MiRNAs can downregulate gene expression by two posttranscriptional mechanisms: mRNA cleavage or translational repression. In animals, miRNA is thought to have a repressive effect that influences protein expression, not the mRNA levels. However, it has been estimated that over 80 percent of miRNAs acted to lower mRNA levels, which shows that mRNA destabilization is the primary action mode of miRNAs on target mRNAs [35]. In addition, studies have shown that SNPs in seed-sites region can significantly change the expression of the target mRNA and protein [36-40]. eQTL analysis is an experimental method for exploring the relationship between SNPs and mRNA expression at a high throughput. Genetic variants that create or destroy an miRNA binding site may be the casual cis-acting eQTLs. The combination of our MirSNP database and eQTL data will provide possible explanations for the eQTLs. We have already identified four SNPs in prediected miRNA target sites that were proven to be brain eQTLs in three independent studies. Further experiments are needed to prove that these eQTLs affect gene expression through an miRNA mechanism. On the other hand, using GWAS, enormous numbers of associations between SNPs and diseases have been reported. There are many disease-associated SNPs that function by miRNA regulation. Overlapping miRNA-related SNPs and the existing GWAS data could identify possible biological mechanisms for these disease-associated variations and provide the in silico basis for further studies.

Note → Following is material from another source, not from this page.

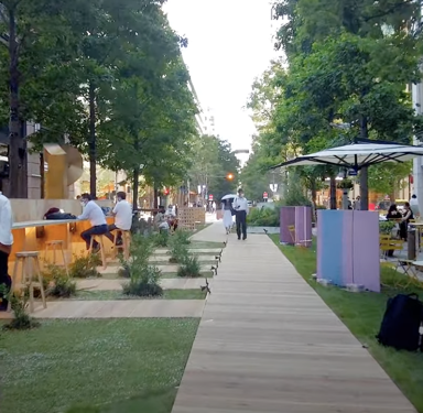 通りの一部は、芝生になっており、仕事ができるスペースも用意されてました。
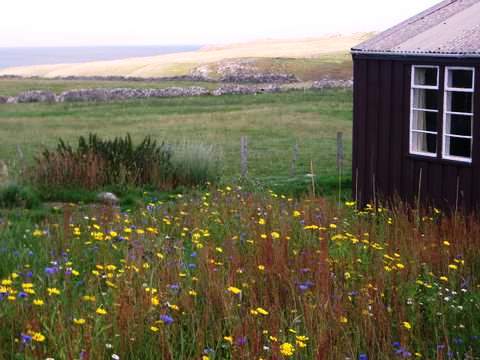 South along the road a couple of miles following above the coast down to the ferry point. Two o’clock sitting on the slipway eating the very last food; oat cakes and apricots. A ten minute ferry ride and coffee in the Cape Wrath Hotel; too late for lunch. And then the urge to get into that blue shining water so check this out: 1300 (?) miles and feeling just so fit and strong and light and empty. Celebration: Running running and dancing on the sand and singing and swimming hard with the current to celebrate the scrawny body. My body has done for me All that I asked And now I’ve got here Hallelujah And boots for walking have brought me all this whole way, tread to spare so second pair not required, draft papers not sent. How can I ever take them off? Time and distance running out now. Due east up from the road and suddenly you’re on limestone, with pavement chunks protruding through tight grazed grass and heather. Schists and Gniesses and sandstone for so long; all very lovely but now a splash of something different. Up and over past Loch Caladail with tumbling stone dykes cutting out across the water, 1 or 2 low hills to romp over and there it is Five forty five o’clock and the end of your walk. This is the end; the gate into the Durness Youth Hostel dancing wildflower garden; open and walk through and it’s all in the past.

Our aim was to merge the MirSNP database with high throughput SNP experimental data. We identified many SNPs in predicted miRNA targets and indicated their potential functions based on sequence algorithms. Unfortunately, the expression information of miRNAs and mRNAs are not supplied in our database. We considered the possibility of an miRNA and mRNA combining, but under the complex mechanism of spatial and temporal expression, we had no idea if the two molecules would encounter each other in vivo. Combining MirSNP with additional databases containing expression information, such as miRGator [41], would improve the functionality of the database.

Conclusions

MirSNP is a database of SNPs in predicted miRNA target sites, based on information from dbSNP135 and mirBASE18. MirSNP is highly sensitive and covers most experiments confirmed SNPs that affect miRNA function. The results suggest that our prediction and data processing are full-scale. MirSNP may be combined with researchers’ own GWAS or eQTL positive data sets to identify the putative miRNA-related SNPs from traits/diseases associated variants. We aim to update the MirSNP database as new versions of mirBASE and dbSNP database become available.

Availability and requirements

MirSNP is publicly available on the internet at http://cmbi.bjmu.edu.cn/mirsnp.

URLs

MirSNP (http://cmbi.bjmu.edu.cn/mirsnp)

dbSNP135 (ftp://ftp.ncbi.nih.gov/snp/organisms/human_9606/database/organism_data)

mRNA sequence file (ftp://ftp.ncbi.nih.gov//refseq/H_sapiens/mRNA_Prot/human.rna.fna.gz, released November 15, 2011)

HapMap fileset (http://pngu.mgh.harvard.edu/~purcell/plink/res.shtml)

mirBASE (http://www.mirbase.org/ftp.shtml)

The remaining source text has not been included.